As discussed in the sections above, several factors may be contributing to the weakened association between the neuropathologic features of AD and dementia. First, the higher prevalence of coexisting non-AD pathologies may weaken the association between the clinical and neuropathologic features. Second, the neuropathologic features of AD may develop at a slower rate in people who survive beyond age 90, allowing for compensatory mechanisms to take place.40 Finally, because of the diagnostic challenges discussed earlier, the diagnosis of AD might be less accurate in the 90-years-and-older population. Some oldest-old subjects might be classified as nondemented when they are in the preclinical stages of dementia, whereas others might be erroneously diagnosed with dementia due to frailty, sensory losses, or comorbidities that impair cognitive performance on neuropsychological testing. A misdiagnosis of dementia may decrease the strength of association between the clinical diagnosis and the neuropathologic features of AD.

TREATMENT

Although the treatment strategies are virtually the same for oldest-old subjects as they are for the younger elderly, the “start low, go slow” approach is particularly important in this patient population. Pharmacokinetics and pharmacodynamics change with aging. These age-related changes are particularly noticeable in the oldest old and associated with a higher incidence of adverse events.49 Therefore, consideration of therapeutic alternatives (ie, nonpharmacologic interventions) should always be the first step. When pharmacologic management is initiated, close monitoring, careful evaluation of the duration of the therapy, and frequent reassessment of indications for discontinuation of medications are crucial in the medical management of dementia in oldest-old patients. In the current issue of CONTINUUM, Dr Lon Schneider and Dr Kristine Yaffe provide expert reviews of pharmacologic and nonpharmacologic treatment strategies for patients with cognitive impairment and dementia that could be applied to the oldest-old population.

KEY POINTS

  • The oldest old—people aged 90 years and older—are the fastest-growing segment of the society. By 2050, the oldest old will account for 2% of the US population.
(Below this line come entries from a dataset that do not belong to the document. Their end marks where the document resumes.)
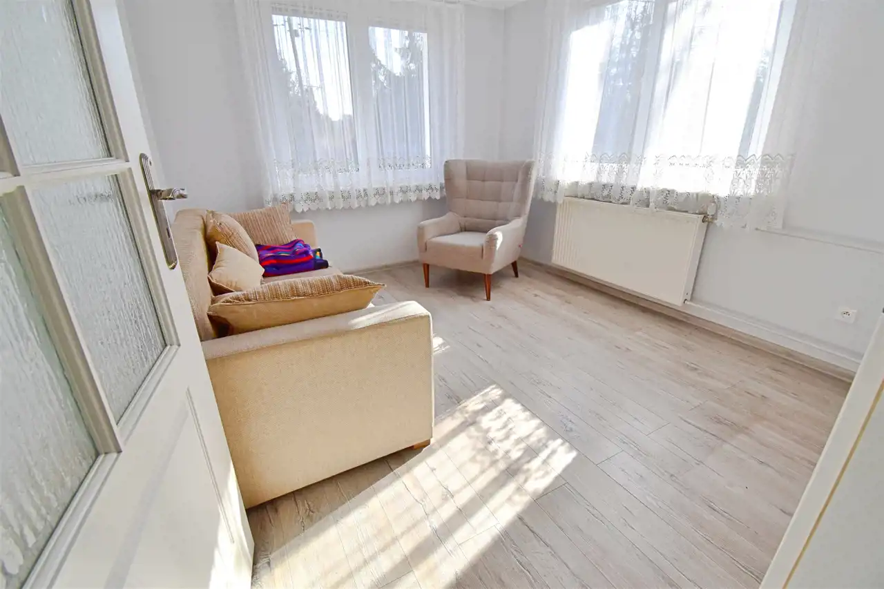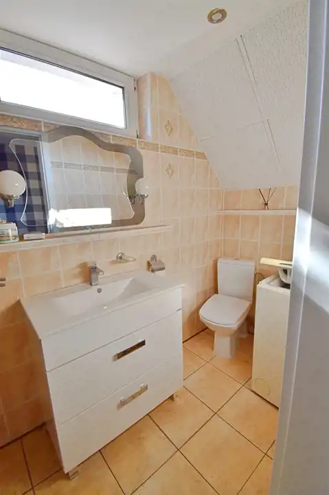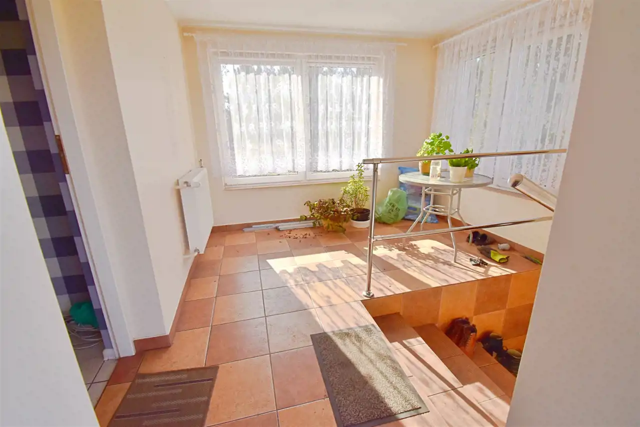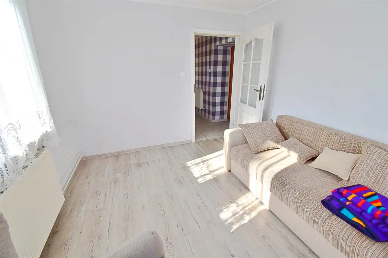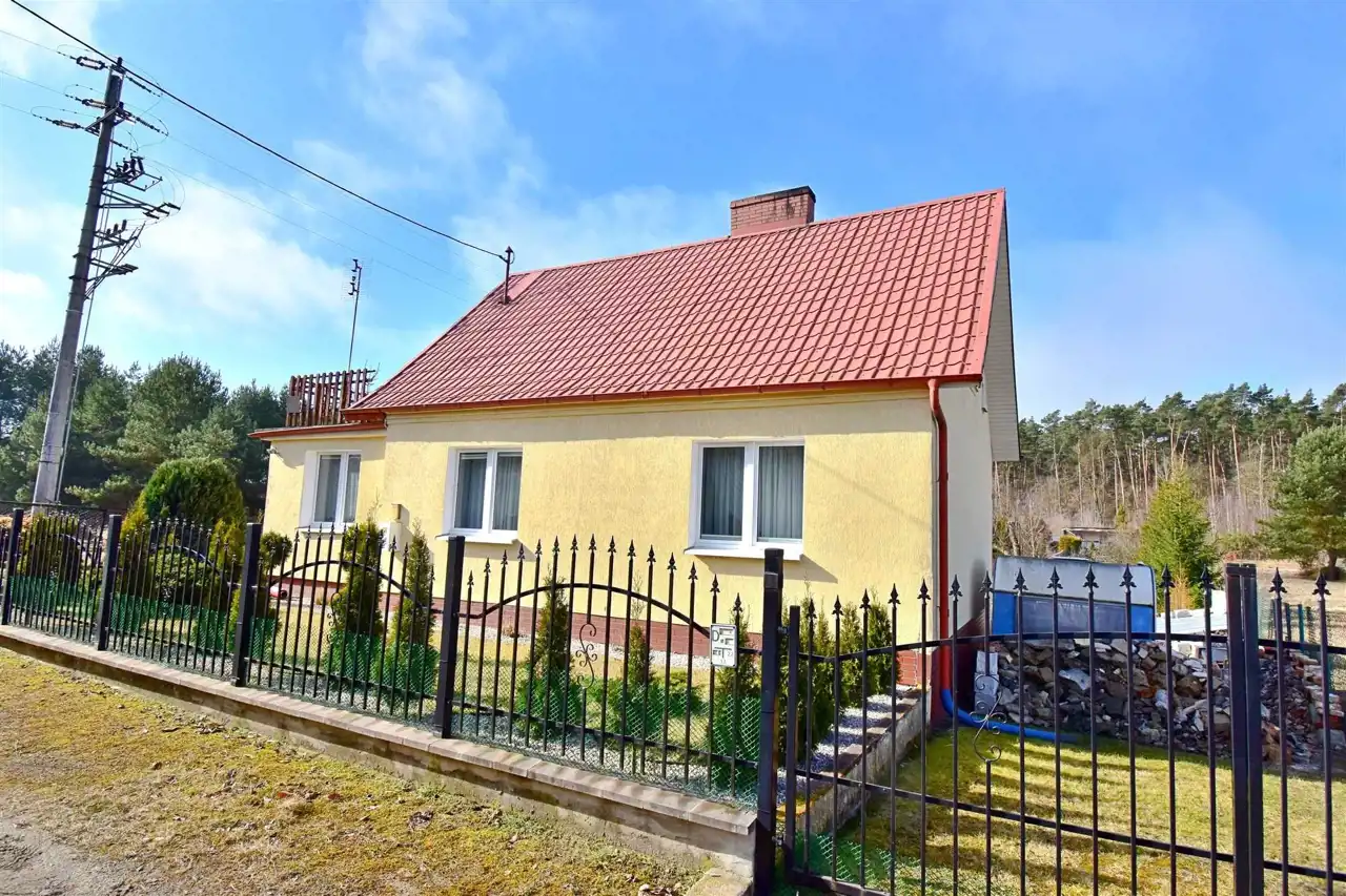 Dom wybudowany w latach siedemdziesiątych i gruntownie wyremontowany 15 lat temu. Remont obejmował wszystkie pomieszczenia wewnątrz budynku, w tym również wymianę wszystkich niezbędnych instalacji. wymieniony został również piec. Zewnątrz dom został ocieplony wełną mineralną, wymieniony został również dach na blachodachówkę oraz wszystkie okna. Na parterze zaprojektowano 4 pokoje, kuchnię, przedpokój, łazienkę oraz spory wiatrołap. Obecnie dwa pokoje zostały połączone tworząc duży salon. Powierzchnia mieszkalna parteru to 80 m2. Dom podpiwniczony. Piwnica ok 25 m2 wyposażona w kotłownie na piec na eko groszek. Na poddaszu o powierzchni ok.30 m2 znajduję się strych podzielony na 2 pomieszczenia do wykończenia.
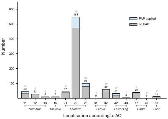 Histogram of fracture localization according to AO in the study population regarding application of PAP.
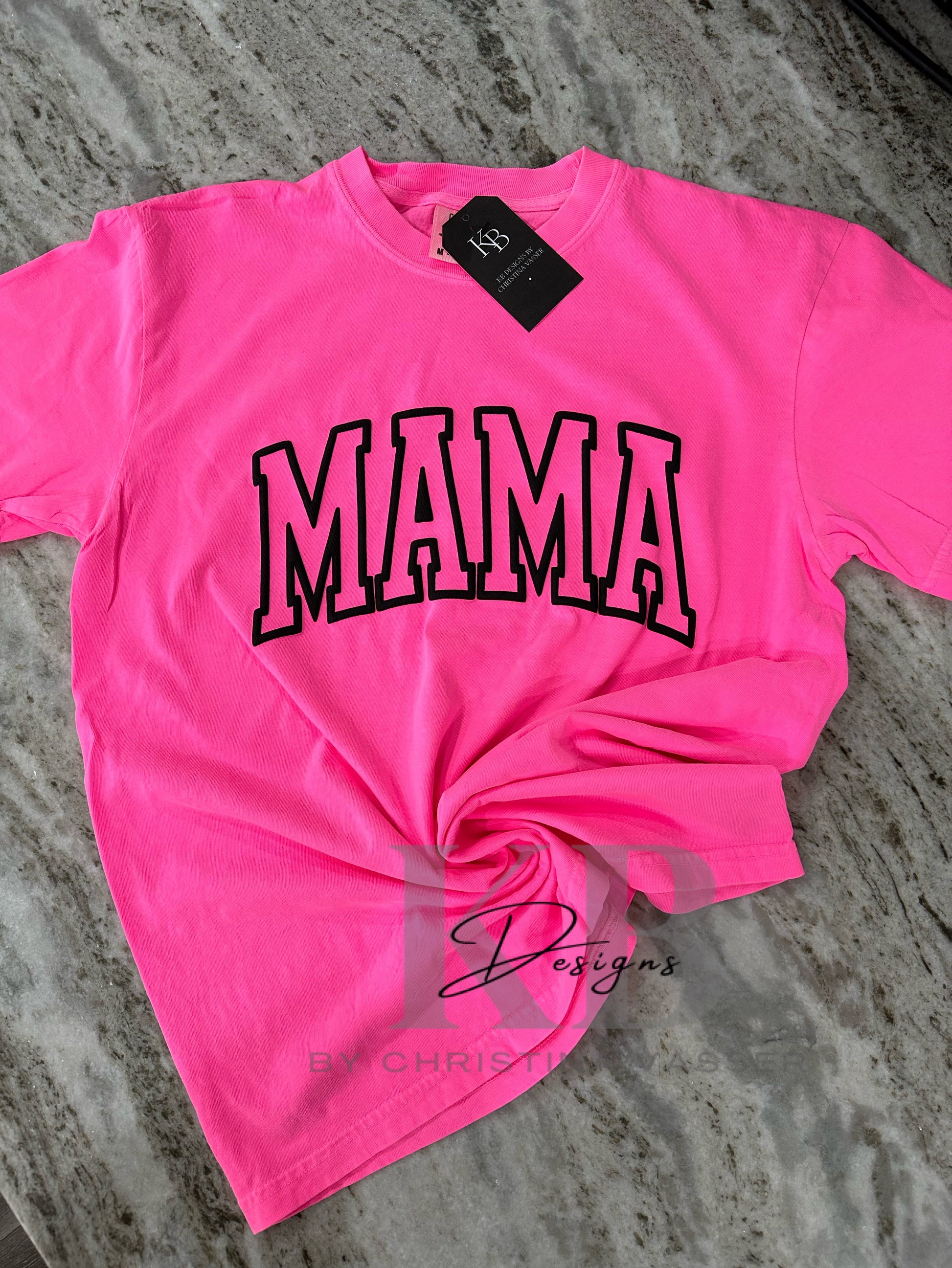 MAMA Neon Summer Puff Tees are comfort colors brand and true to size.The design is made with HTV Puff. List in notes the color of puff and shirt you would like.
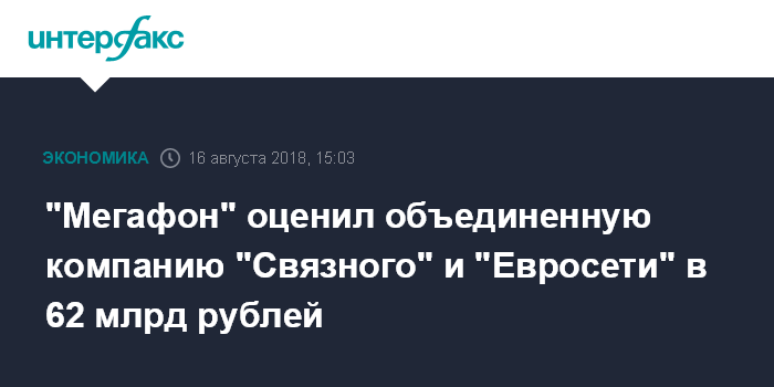 Москва. 16 августа. INTERFAX.RU - ПАО "Мегафон" обнародовало справедливую стоимость своей доли в объединенной компании "Связного" и "Евросети", исходя из которой общая оценка СП составляет примерно 62 млрд рублей.
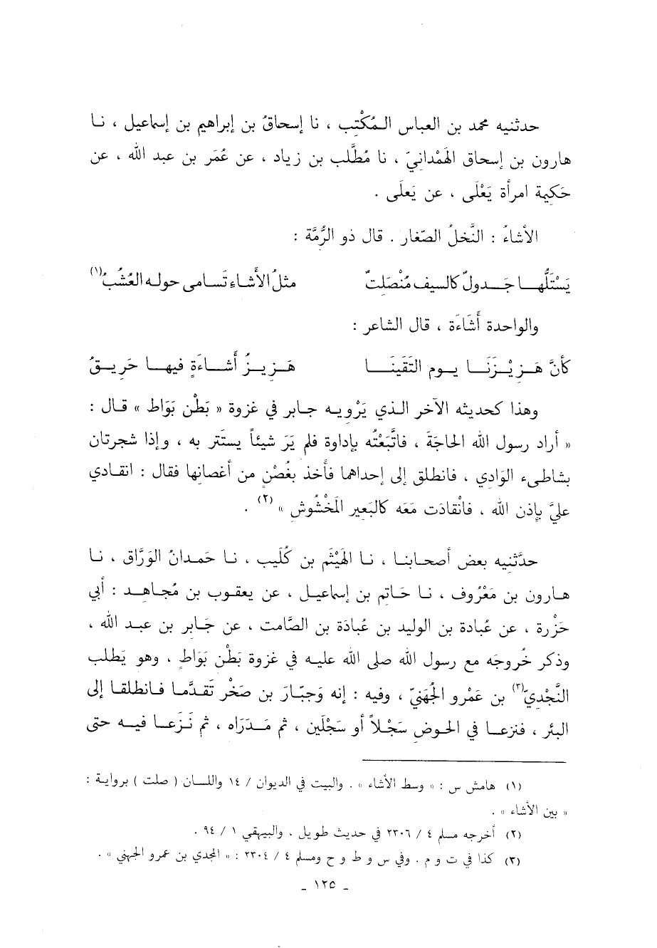 حَدَّثَنِيهِ بَعْضُ أَصْحَابِنَا نا الْهَيْثَمُ بْنُ كُلَيْبٍ نا حَمْدَانُ الْوَرَّاقُ نا هَارُونُ بْنُ مَعْرُوفٍ نا حَاتِمُ بْنُ إِسْمَاعِيلَ عَنْ يَعْقُوبَ بْنِ مُجَاهِدٍ أَبِي حَزْرَةَ عَنْ عُبَادَةَ بْنِ الْوَلِيدِ بْنِ عُبَادَةَ بْنِ الصَّامِتِ عَنْ جَابِرِ بْنِ عَبْدِ اللَّهِ وَذَكَرَ خُرُوجَهُ مَعَ رَسُولِ اللَّهِ صَلَّى اللَّهُ عَلَيْهِ وَسَلَّمَ فِي غَزْوَةِ بَطْنِ بَوَاطٍ وَهُوَ يَطْلُبُ النَّجْدِيَّ 3 بْنَ عَمْرٍو الْجُهَنِيَّ وَفِيهِ إِنَّهُ وَجَبَّارُ بْنُ صَخْرٍ تَقَدَّمَا فَانْطَلَقَا إِلَى الْبِئْرِ فَنَزَعَا فِي الْحَوْضِ سَجْلا أَوْ سَجْلَيْنِ ثُمَّ مَدَرَاهُ ثم نزعا فيه حتى
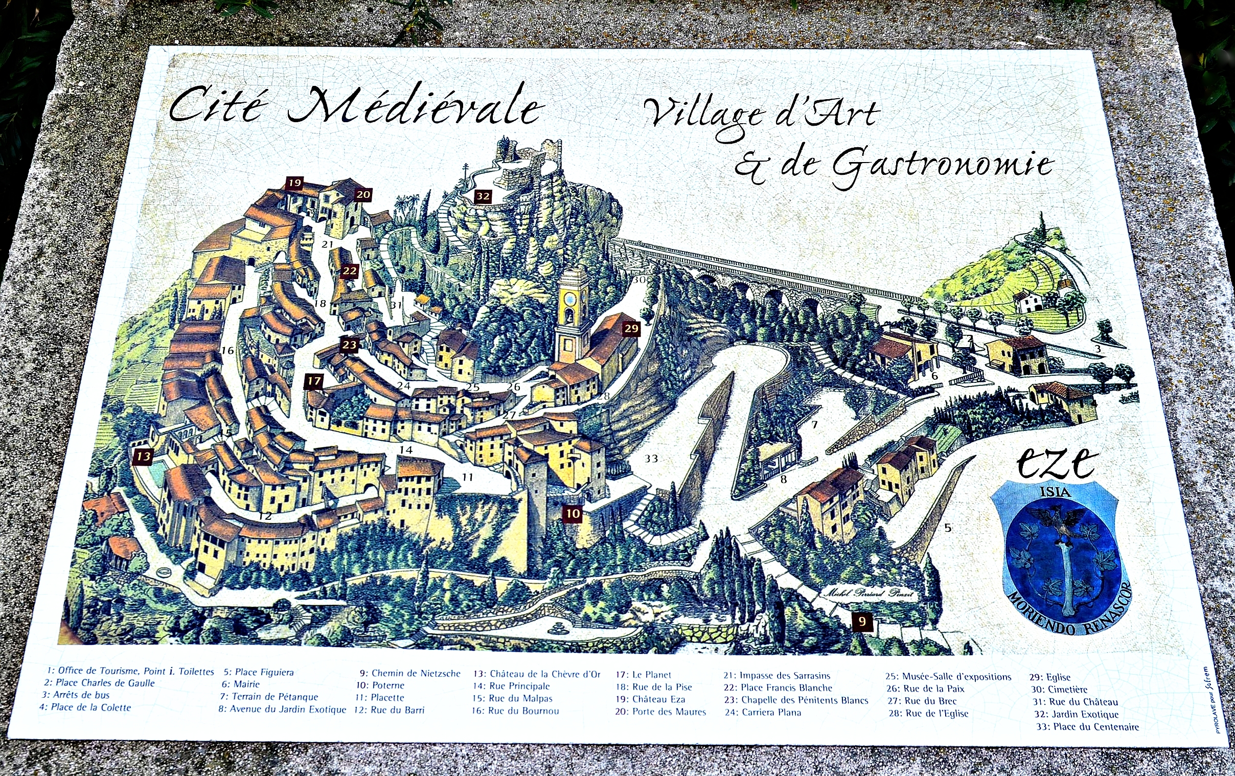 | エズ [Èze] 頂上の展望台 [Table panoramique] (13:58) 古代ケルト人によって造られたエズ村は、地理的に優れた場所として数々の権力争いに巻き込まれてきた。 紀元前から続いたローマ帝国の支配が弱まる7~8世紀ごろに異教徒の襲撃が相次ぎ、山頂に堅固な城塞都市を築いた。 フランス領となったのは1860年。 所々に立てられている女性の彫刻像は、ジャン=フィリップ・リチャードの地球女神 [Les déesses de terre de Jean-Philippe Richard] 。 「南西」MAPLay. C |
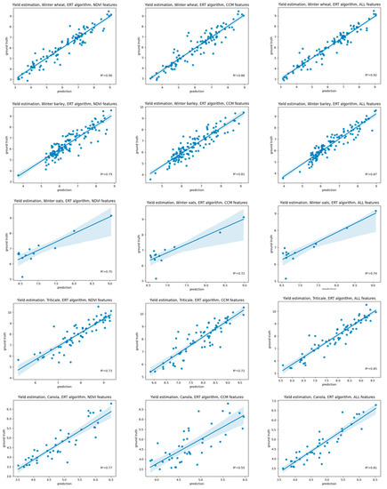 The yield estimation using all CCM and NDVI variables for each crop type led to satisfactory regression results based on the non-linear ERT algorithm, with winter wheat achieving the highest (R2 = 0.92, RMSE = 0.41, MAE = 0.31) and winter oats having the lowest regression accuracy (R2 = 0.74, RMSE = 0.47, MAE = 0.30), as shown in Figure 6. The linear regression, however, failed for the crop types triticale and canola, with R2 less than 0.5, and is not shown in the validation plots. The sampling was performed by drawing model-unseen pixels stratified for a specific crop type using a 95-5 split for training and validation.
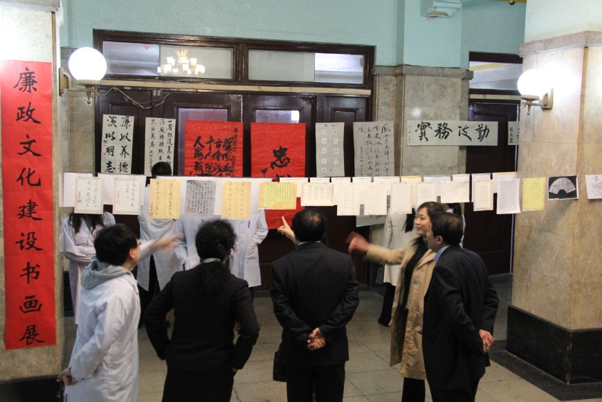 为进一步营造反腐倡廉的良好氛围,推进反腐倡廉教育和廉政文化建设工作的深入开展,2014年5月4日,由公司党委组织的“廉政文化建设书画展”在基础楼一楼正厅举行,党委书记孙赵华、经理孙连坤带领班子成员和学院师生一起参观了本次书画展。
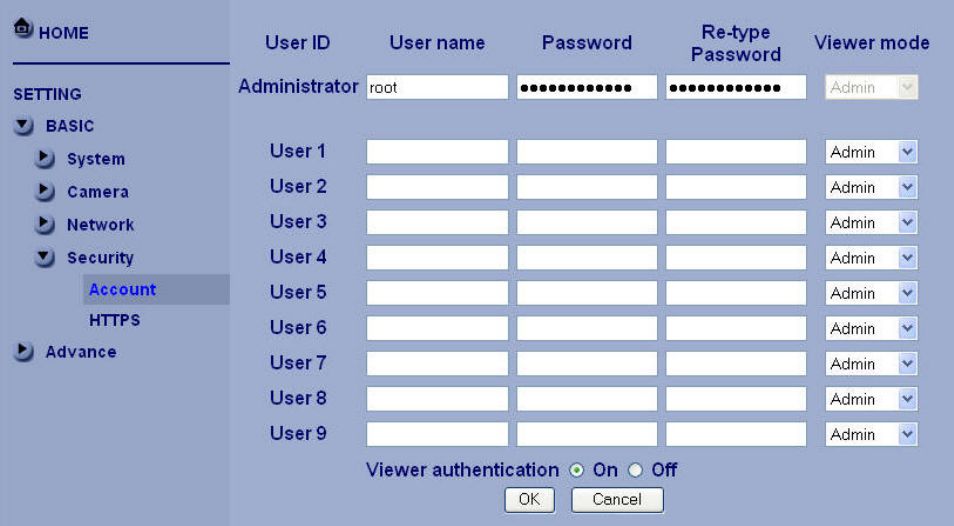 menu to set the user names and passwords of Administrator and up to 9 different users (User 1 to User 9),
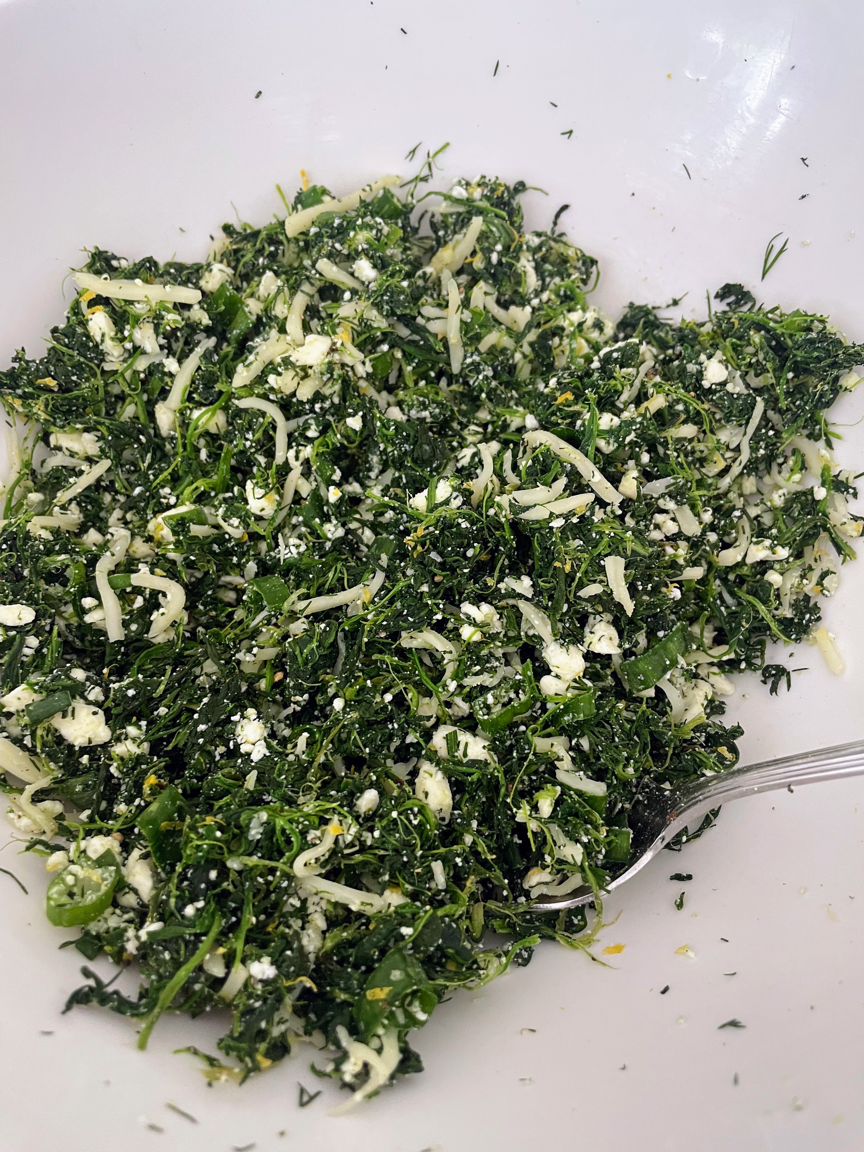 3. Add the spinach, scallions, dill, feta, garlic, lemon zest, salt, and pepper to a medium bowl. Stir to combine, making sure to break up any spinach clumps. I find it is easiest to use my (clean) hands to do this. You should have 2½ cups spinach mixture. (The photo below is from when I added mozzarella to make up for not having quite enough spinach.)

  • The oldest old have the highest incidence and prevalence rates of dementia in the population. Women have a higher prevalence of dementia than men. The incidence of dementia is similar in men and women and doubles approximately every 5 years after the age of 90.

  • Risk factors for cognitive decline and dementia appear to change with age. In the oldest old, some risk factors are no longer relevant (eg, the apolipoprotein E ɛ4 allele) and some may have a protective effect (eg, hypertension).

  • Cognitive performance declines with age even in subjects who are cognitively intact. Using age-specific normative data is crucial to avoid overestimation of cognitive impairment in oldest-old subjects.

  • Vision and hearing impairment, frailty, and fatigue are common in oldest-old patients and can easily affect cognitive performance. Modifications to neuropsychological testing to accommodate these limitations are important to avoid misdiagnosis of dementia in oldest-old subjects.

  • Alzheimer disease remains the most common pathology underlying dementia. However, the relationship between Alzheimer disease pathology and cognitive impairment weakens in the oldest old. Alzheimer disease pathology is also common in nondemented oldest old; about half of nondemented subjects have high levels of Alzheimer disease pathology at death.

  • Vascular pathology is the second most common pathologic feature in the oldest old. Although the number of large-vessel infarcts decreases in the 90-years-and-older population, the prevalence of microinfarcts increases significantly in the oldest old.

  • Accumulation of multiple neuropathologic features is common in the oldest old. The odds of dementia increase with increasing number of pathologies.

  • Approximately a quarter of oldest-old people develop dementia without obvious underlying pathology.

  • The oldest old are particularly susceptible to the unwanted side effects of pharmacotherapy; therefore, the “start low, go slow” approach and nonpharmacologic alternatives are important in the treatment of dementia.